Бриганты
Шрифт:
Перевозка отряда затянулась на несколько часов. К тому времени часть бойцов успела покемарить. Я разучился спать при первой возможности и в любом месте, а в бытность курсантом умел не хуже этих пацанов. Помню, как-то зимой занесли меня черти на Молдаванку. Дама продинамила меня, так что остался я ночью на улице. Общественный транспорт не ходил, на такси не было денег, поэтому я зашел в подъезд и между вторым и третьи этажами заснул, сидя на деревянной ступеньке лестницы и прислонившись плечом к теплому радиатору.
Утром меня разбудил дедок с тросточкой, который с трудом протиснулся
— Шоб я так спал!
Когда переправились все, уже начало светать. Мы перелезли через полуразрушенную кладку и оказались на вымощенной булыжниками улице шириной метра два, посередине которой, как я и предполагал, пролегала сточная канава. Пошли не таясь. Да и не сильно-то затаишься, когда из каждого двора несется собачий лай. Вышли на улицу, ведущую к воротам, и повернули к ним.
Охрана уже знала о нашем приближении. Из расположенной у ворот сторожки вышли двое в маленьких шлемах-черепниках и кожаных жаках, вооруженные короткими копьями. Опершись на копья, они смотрели на нас, пытаясь сообразить, кто мы такие и куда премся в такую рань. Это были французы. Им даже в голову не приходило, что мы — враги.
— Открывай ворота, — приказал я.
— А кто вы такие? — спросил тот, что стоял ближе ко мне.
— Не твое дело! — произнес я в ответ, приближаясь к нему вплотную. — Поторапливайтесь, нам некогда ждать!
— Сейчас я старшего разбужу, — молвил он.
Я выхватил кинжал из ножен, приставил к его горлу и молвил тихо:
— Не суетись.
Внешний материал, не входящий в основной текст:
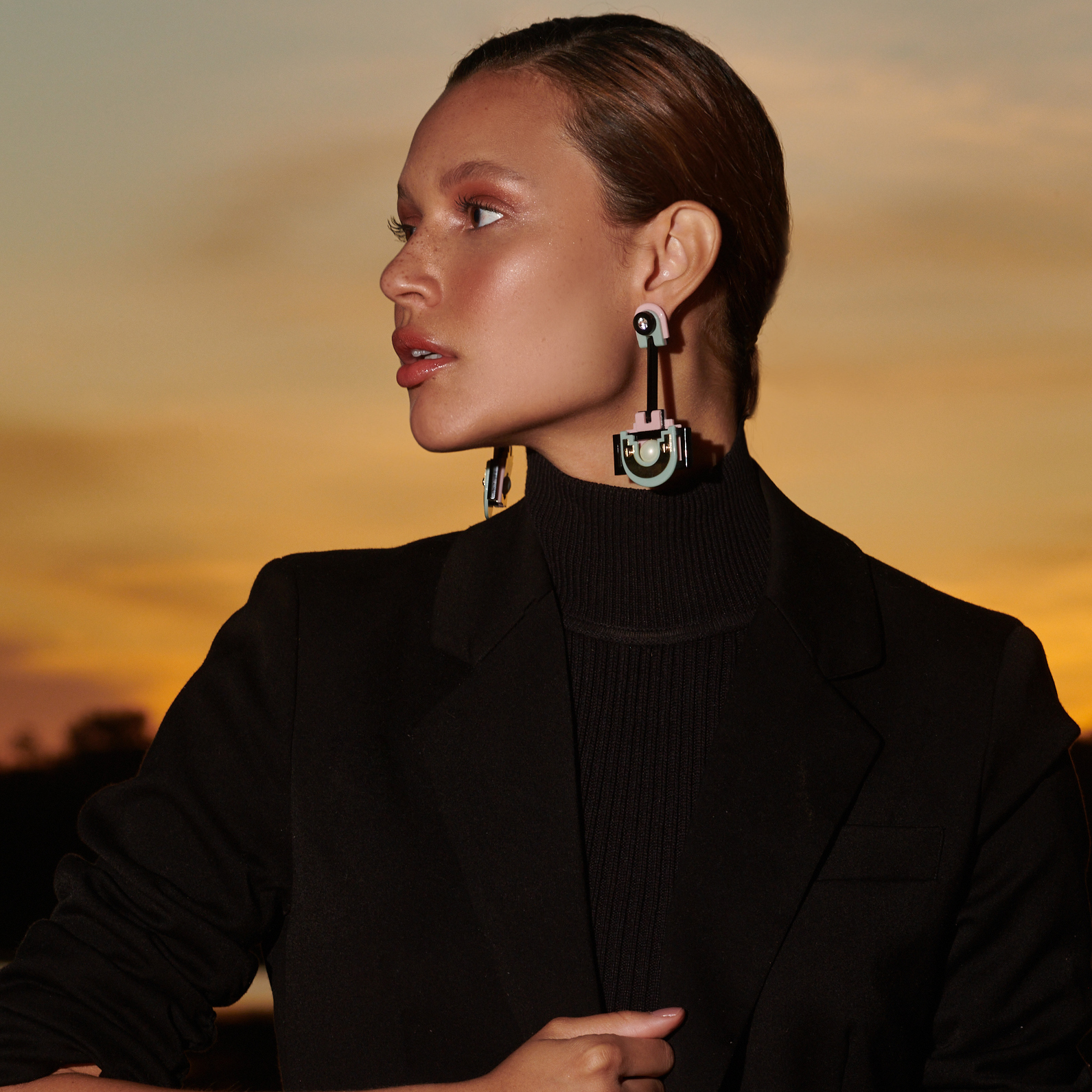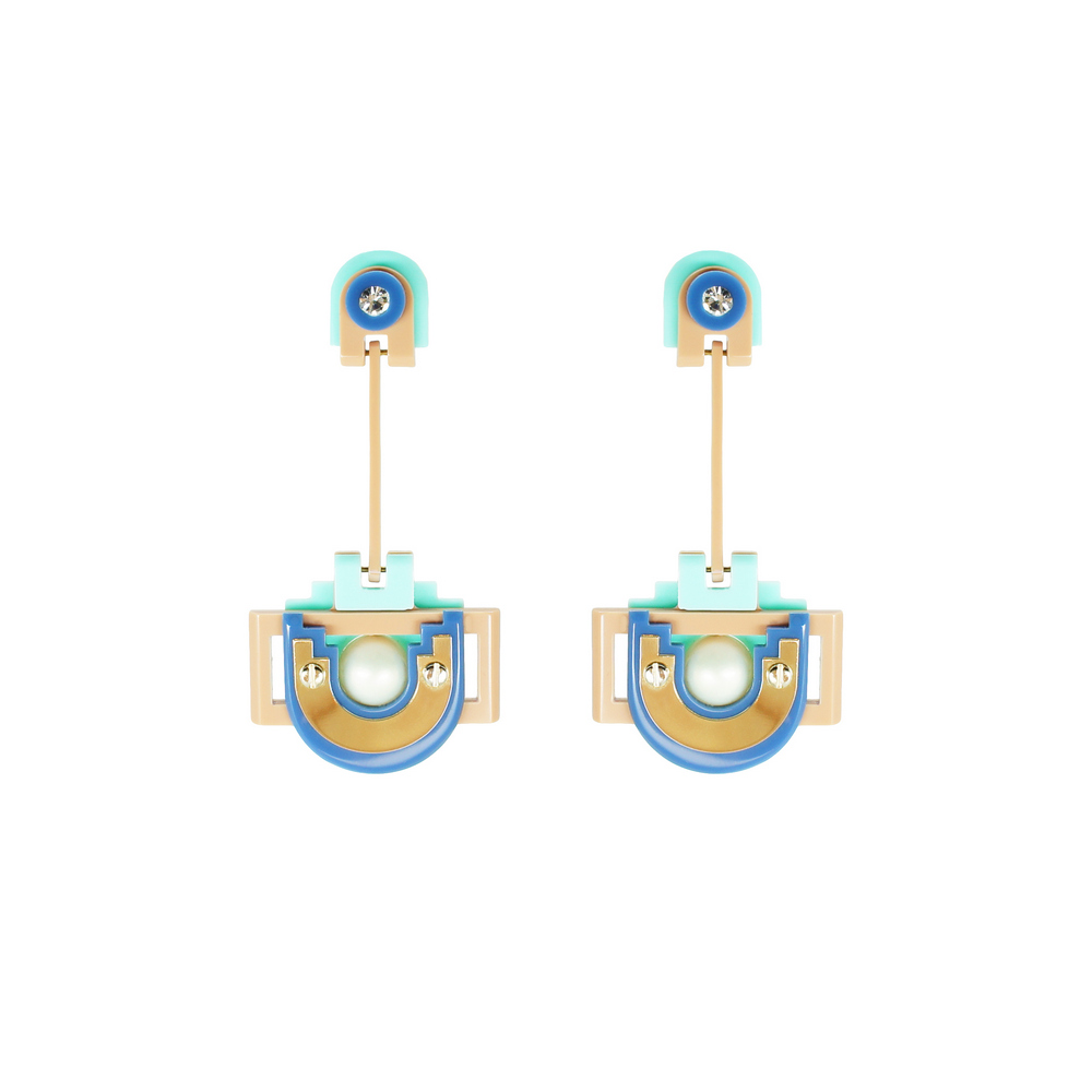 Brinco pendente de acrílico, com aplicação de enfeite de metal com acabamento ouro, pérola sheel, strass de vidro. Metais com acabamento dourado. Feito a mão por artesãos brasileiros.

Будешь вести себя спокойно, останешься жив.
Второго усмирил приставленный к груди меч Ламбера де Грэ.
Хайнриц Дермонд зашел в сторожку и вскоре вытолкал из нее троих заспанных охранников. Они тоже были французами.
— Откройте ворота, опустите мост — и у вас будет возможность завтра поступить на службу к королю Франции, — предложил я. — Или вы хотите сегодня геройски умереть за англичан?
Умирать они не захотели и с удовольствием приняли помощь моих бойцов. Минут через десять Мишель де Велькур поднялся на надвратную башню и помахал знаменем из сюрко, привязанного к копью. Стражников заперли в сторожке. Арбалетчики заняли позиции на городских стенах, а мы, пятеро латников, остались защищать открытые ворота и опущенный, подъемный мост. Впрочем, защищать было не от кого. Из одного дома выглянул мужичок в мятой белой рубахе и босой, полюбовался нами и, зевая, начал открывать ставни. Судя по деревянному силуэту кувшина, который свисал с шеста над ставнями, это была то ли гончарная мастерская, то ли лавка по продаже гончарных изделий.
Первым проскакал через ворота Луи де Сен-Жюльен. Он на скаку помахал мне мечом и полетел со своим отрядом дальше, до места, где находилась казарма гарнизона. Карне де Бретон сперва поскакал по улице след за ним, а потом повел свой отряд влево, чтобы захватить капитана Луи де Арктура, который жил у любовницы, богатой вдовы-купчихи. Гийом де Бурд повернул налево сразу. Его отряд застучал копытами по широкому пространству между крепостными стенами и жилыми домами, чтобы захватить остальные городские ворота. Еще минут через тридцать прибыли наши лошади. Я оставил десять человек охранять ворота, а с остальными поехал к центру города, где было тихо: ни тебе набата, ни звона оружия, ни воплей и стонов. Подозреваю, что некоторые горожане только к обеду узнают, что теперь вассалы французского короля.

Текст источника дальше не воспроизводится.